|
Gaffi stick primed and ready |
I love the days up in northern Michigan when we have nothing planned, especially when I have a project like our friend R2-M5. I worked for 8 hours today. I had a lot of little things to do today and one really big goal to tackle. Starting with some of the little stuff, I multitasked and also did some prep work for the larger task as well.
My gaffi stick needed some attention so I primed it early in the hopes of getting a second coat on it before going to Traverse City tomorrow and getting some new spray paint. I also had to correct some mistakes to my legs and horseshoes. The other day I tried taping off and papering the horseshoes so I could chrome the inside rings to make them look like metal. I did a pretty good job taping but then I thought, "I can just paint them upside down because I don't care about the bottoms." Great ideas usually have some sort of consequence to me, in this case because I had paper on them (now on the bottom) the spray paint splattered under the paper and onto the white horseshoe in places.
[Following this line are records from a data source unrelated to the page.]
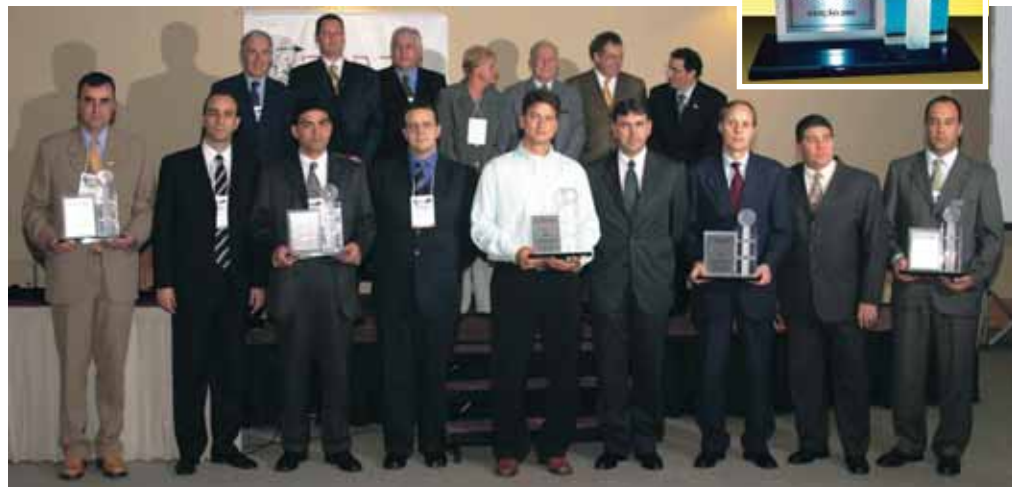
PRÊMIO CHEGA À QUINTA EDIÇÃO E INCORPORA CATEGORIA UNIVERSITÁRIOS

Neste ano, a coordenação do Congresso preparou inovações também na parte de conteúdo,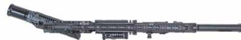
CAÑÓN DE APERTURA LATERAL (VISTA SUPERIOR)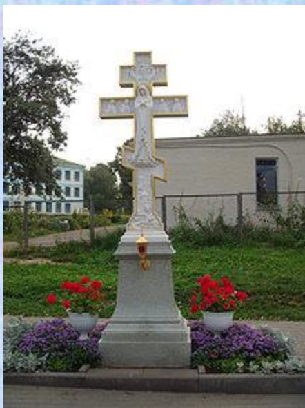
Крест у начала Святой канавки

25 ноября 1825 года Богородица явилась преподобному Серафиму и повелела основать Мельничную общину, указав как следует обнести это место канавой и валом. Копать Канавку должны были только сестры общины, а миряне могли помогать носить землю и насыпать вал.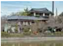
八鶴亭はレストランや貸しスペースとなっています

湖畔には、大正から昭和初期に建てられた、国登録有形文化財の八鶴亭(旧八鶴館)があります。旅館として栄えた当時の姿を想像しながら、歴史散策も楽しめます。

That was one of the corrections that I had to make. The second was just touch ups on the legs. I had been touching the legs quite a bit while getting the four hole/six hole conundrum figured out. In playing around with them and handling the bolts, I smeared dirty fingerprints on several places and couldn't get them completely washed off. Repainting was the easiest and cleanest option.
|
Chrome painted inside |
|
First painting of the day |
While waiting for those parts to dry, I started on my big job for the day getting the skins done. I had cut out all of the pieces of the skins and filed down the burrs yesterday. First thing to do was to wash the pieces and make sure any oxidation was cleaned off so the paint would adhere.
|
Washing the panel of the skins |
After the skins were sufficiently dry, self etching primer (wait 1 hour) was applied then two coats of white primer + paint 10 minutes apart. Because I painted them in the most natural position, the paint ran a little bit and collected in certain areas. I wait another hour and then sanded those areas to repaint and everything turned out ok. I would stand up the skins if I had to do it again.
|
First coat needed to be sanded. |
While I was waiting for the paint to dry, I went over to the panels and glued them together. There are thin rounded pieces that are part of the "outer" skin that adhere to the rectangle "inner" skin pieces to make the different panel doors on R2. Once they have all been cut out and burrs removed, you have to reattach each door and frame. I am using E6000 silicone adhesive for this. It is easy to work with, adheres very strongly, and can be removed (with great effort) if it ever needs to be down the road. But, make sure you use it outside, the fumes are crazy strong even a day after the piece has been cured. The glue does need about 30 minutes to really adhere well before taking your clamps off, some pieces need a bit longer.
|
Clamping the frames to the panels |
Once the skins were dry and I had finished with the panels, I switched places. The panels went over the the spray paint area in the woods and the skins came out to the deck with me for more gluing. There was a debate online and with my wife about whether we should paint the inner and outer skins white, do them glued together or not, or whether to leave the inner skins aluminum and paint the outer skins separately. The reasoning on the website was that canon for some of the screen R2s is all white, but guys say that an all white droid does not photograph well because a flash will white out all of the panels and there will no definition. The next school of thought is that if you do paint both white, that is fine, but you probably need to weather the droid to get some dark colors into the nooks and crannies for great looking photos. The final idea is to leave the inner skins aluminum, giving the panels a darker inside color, and paint the outer one white thus giving some definition. Stephanie wants a clean droid, at least to start, so we opted for the aluminum inner skins and white outer. When I did finish them and put them on the frame, they look great and they really do give some shadows for the pictures.
Gluing the frame together was a slow process, but there were plenty of other little things to while waiting. I had some touch-ups to make on a few of the leg details. The iodized red spray paint has been a vexing product since the beginning. I love the look of it but it has caused so many problems. After the front skins were done, I taped in the panels for now not knowing which ones will be attached to hinges. The back skins had a lot more to do because it is covered with panels and there is the rear door to attach as well. When it is all completed I attached them to the frame*.
|
Lots of clamps |
|
The trashcan and me |
|
Looking like R2-M5, no longer a naked droid |
|
See that definition |
*for those reading for instructional purposes: I pre attached the inner skins to find the proper placement for the holes to drill. There were mistakes made but it doesn't matter on the inner skins because they will be glued to the outer skins. Once the outer skins were glued on, I drilled a hole from the inside through the hole I already tested on the inner skin. This made it clean to screw the completed skins onto the frame.